[About this task] Would you please copy the part of the material below that opens with the line containing "BASHOM BSC-608 ABC" and closes with the line containing "Tuxtla Gutiérrez, Chiapas;"? Copy it exactly, and only it.

[Excerpted records]
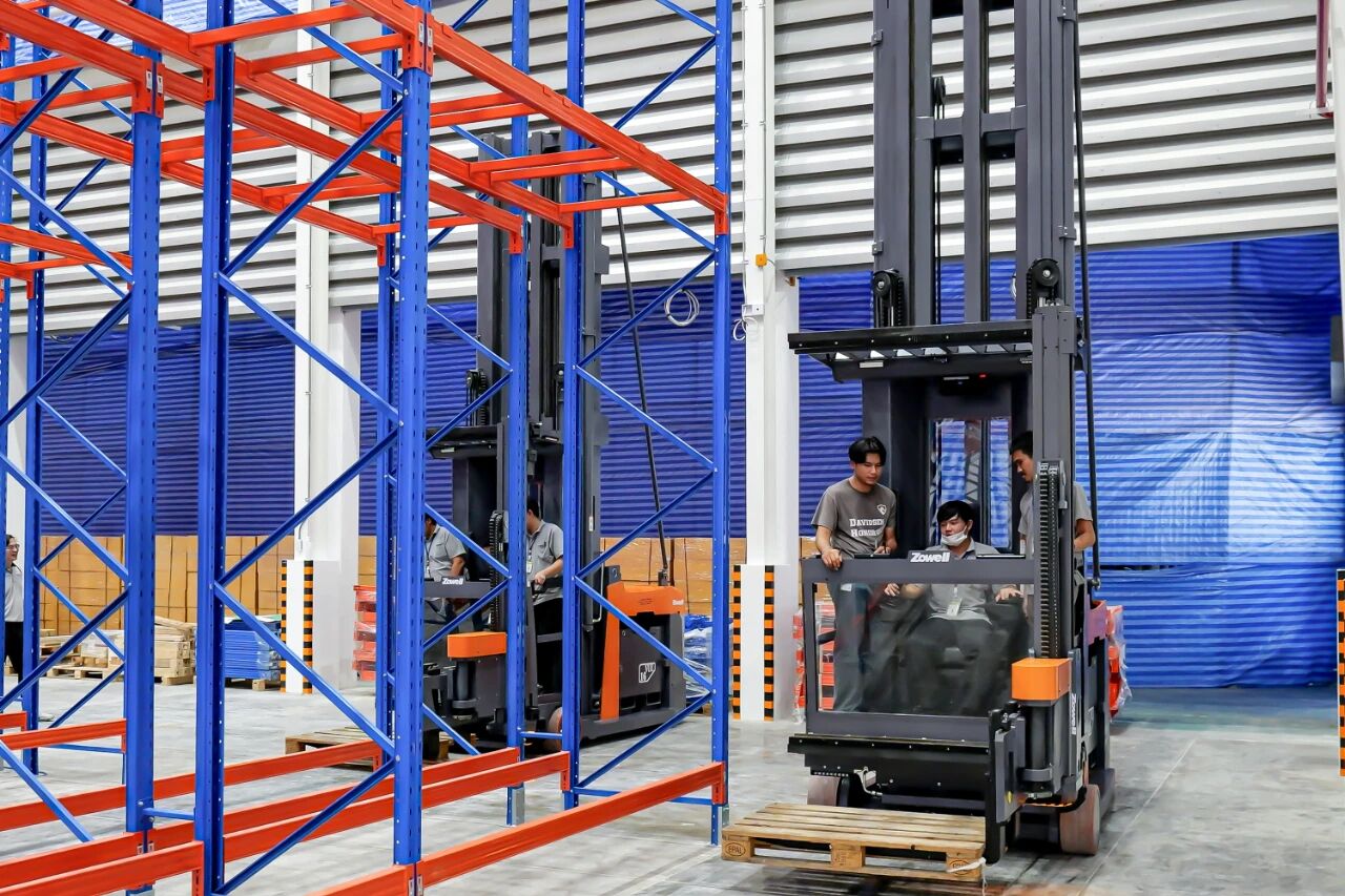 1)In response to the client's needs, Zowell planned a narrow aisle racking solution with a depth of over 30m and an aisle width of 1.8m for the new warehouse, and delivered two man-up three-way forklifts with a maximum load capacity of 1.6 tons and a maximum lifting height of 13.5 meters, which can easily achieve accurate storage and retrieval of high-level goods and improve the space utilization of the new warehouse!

--

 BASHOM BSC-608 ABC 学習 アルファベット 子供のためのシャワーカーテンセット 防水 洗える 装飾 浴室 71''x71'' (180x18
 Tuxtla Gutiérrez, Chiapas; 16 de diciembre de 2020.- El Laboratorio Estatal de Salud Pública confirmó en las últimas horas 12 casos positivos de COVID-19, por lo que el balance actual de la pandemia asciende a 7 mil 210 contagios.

[Solution to the exercise]
 BASHOM BSC-608 ABC 学習 アルファベット 子供のためのシャワーカーテンセット 防水 洗える 装飾 浴室 71''x71'' (180x18
 Tuxtla Gutiérrez, Chiapas; 16 de diciembre de 2020.- El Laboratorio Estatal de Salud Pública confirmó en las últimas horas 12 casos positivos de COVID-19, por lo que el balance actual de la pandemia asciende a 7 mil 210 contagios.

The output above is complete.